В полумраке все выглядело по-домашнему просто и уютно. Неярко горели лампочки, и темнота скрадывала громаду стопятидесятиметровых вращающихся печей. Гешке здесь нравилось еще и потому, что ему казалось, будто находится он на мостике боевого корабля.
— Лево руля, право руля, полный вперед! — услышал Гешка и почувствовал, как чьи-то руки схватили его за уши.
Гешка рассерженно рванулся и увидел Любу. Он хотел было отругать ее, но, заглянув в голубые глаза девушки, такие бездонные, нежные, растерялся, покраснел.
Люба тоже вдруг смутилась. Сняв с Гешкиных плеч руки, сказала:
— Мечтаешь, помазок?
— Я помазок, — сказал Гешка, — а ты кто? Помазиха? Тоже моторы тряпками драишь.

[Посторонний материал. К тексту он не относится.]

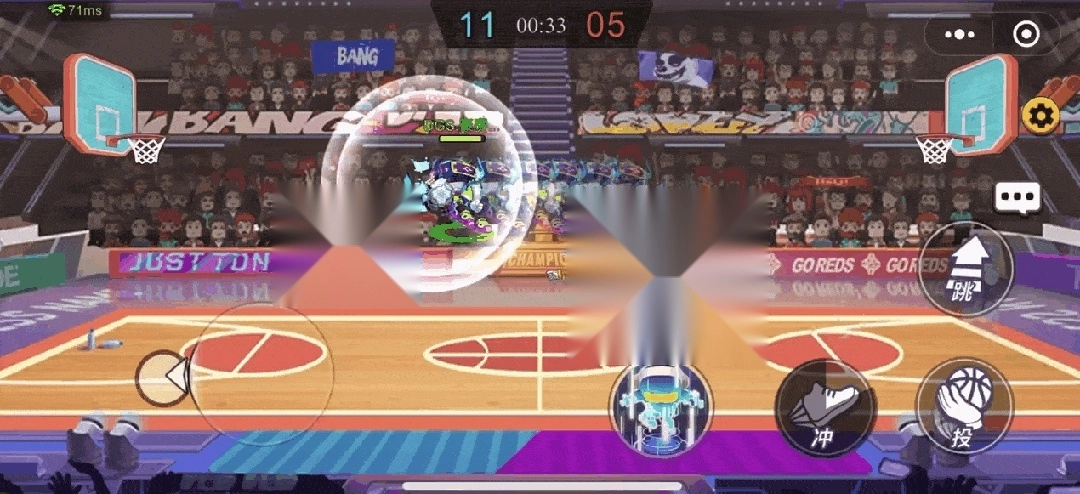 球宝会带着篮球从篮筐的一侧飞出,我们可以借助被打两次就会掉球的机制来抢夺球。
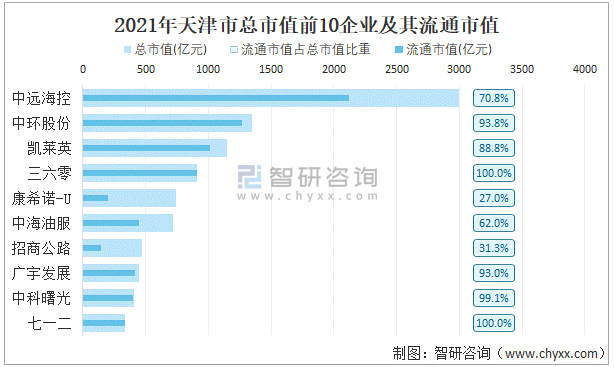 2021年天津市A股上市總市值前10強企業及其流通市值
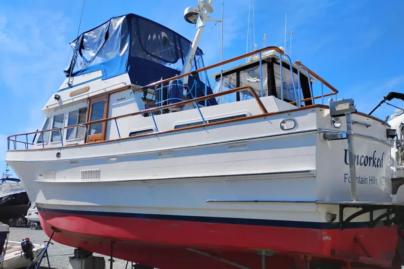 The 1983 Ocean Alexander 40 Double-Cabin represents a mature expression of the fuel-efficient trawler designs that dominated the early 1980s cruising market. Built on a solid fiberglass semi-displacement hull with hard chines and a full-length keel, the vessel delivers exceptional directional stability and seaworthiness, particularly suited to coastal passagemaking and inland cruising.
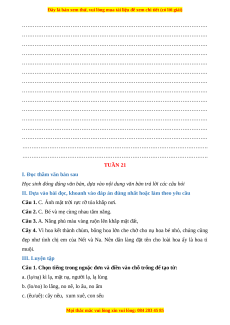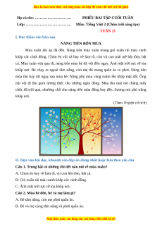 Môn: Tiếng Việt 2 (Chân trời sáng tạo) TUẦN 21
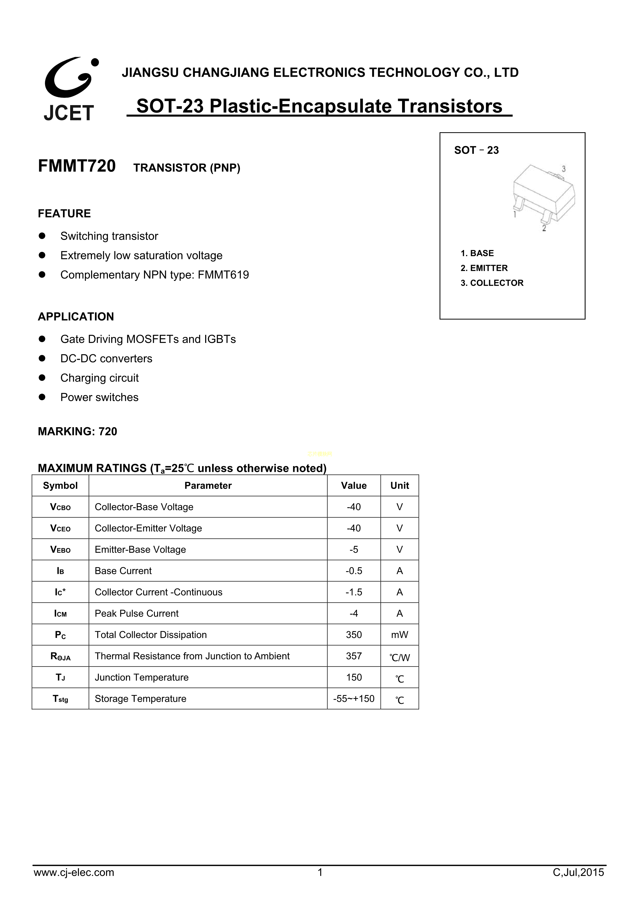 FMMT720数据手册SOT-23(SOT-23-3)封装CJ(江苏长电-长晶)PDF规格书,中英文
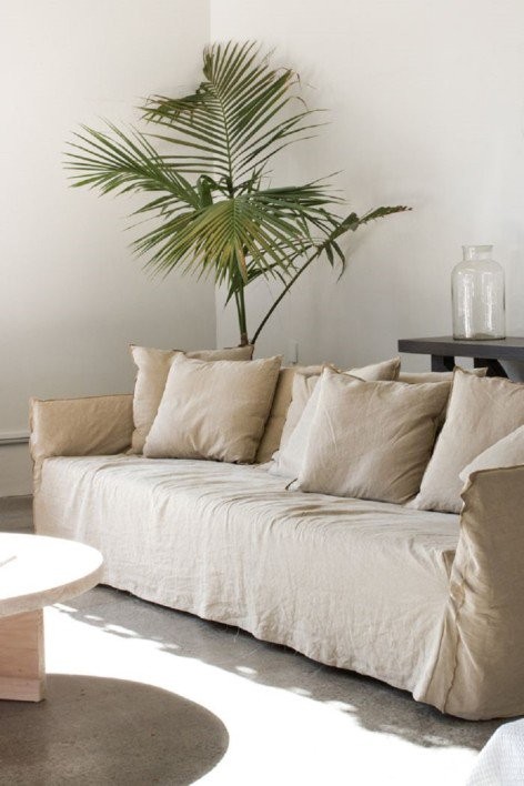 Εκτός από κάποιο μικρό έπιπλο, μπορείτε πάντα να γεμίσετε τον χώρο πίσω από τον καναπέ σας με φυτά. Βάλτε 2 ή 3 ψηλά φυτά για να φέρετε την φύση στον χώρο σας ή ένα μεγάλο φυτό σε συνδυασμό με ένα μακρόστενο τραπεζάκι, όπως ακριβώς συμβαίνει στην παρακάτω φωτογραφία.
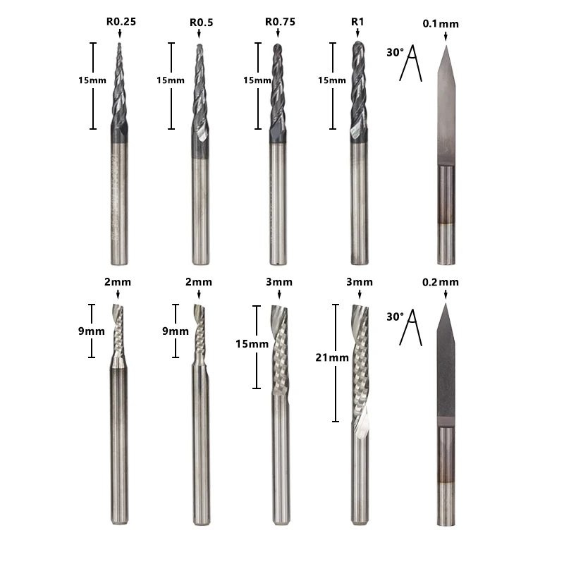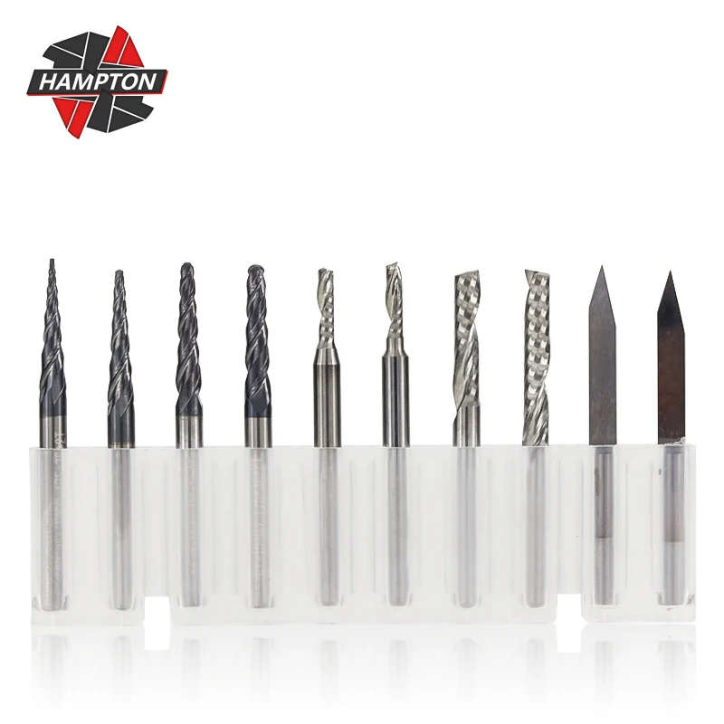 Хэмптон 10 шт 3,175 мм хвостовик фрезы Набор CNC Твердые карбидные наконечники для гравировки фреза Набор для резьбы по дереву

— Я техникум кончаю, практикуюсь пока у вас, — ответила Люба. — А диплом получу — сменным мастером буду.
— Видали мы таких мастеров!
— А вот увидишь. Тогда-то я тебя погоняю. Гешка, сюда! Гешка, туда!
Люба рассмеялась ему в лицо, сбежала по лесенке и пошла по цеху, вызывающе громко постукивая каблуками.
Гешка смотрел ей вслед, а она, словно чувствуя его взгляд, обернулась и помахала рукой около лица, как будто в руке была кисточка для бритья, и исчезла за печью.
«Что ж, помазок так помазок, — беззлобно подумал Гешка. — Только посмотрим, кто первым своего добьется: ты ли сменным станешь, или я обжигальщиком буду».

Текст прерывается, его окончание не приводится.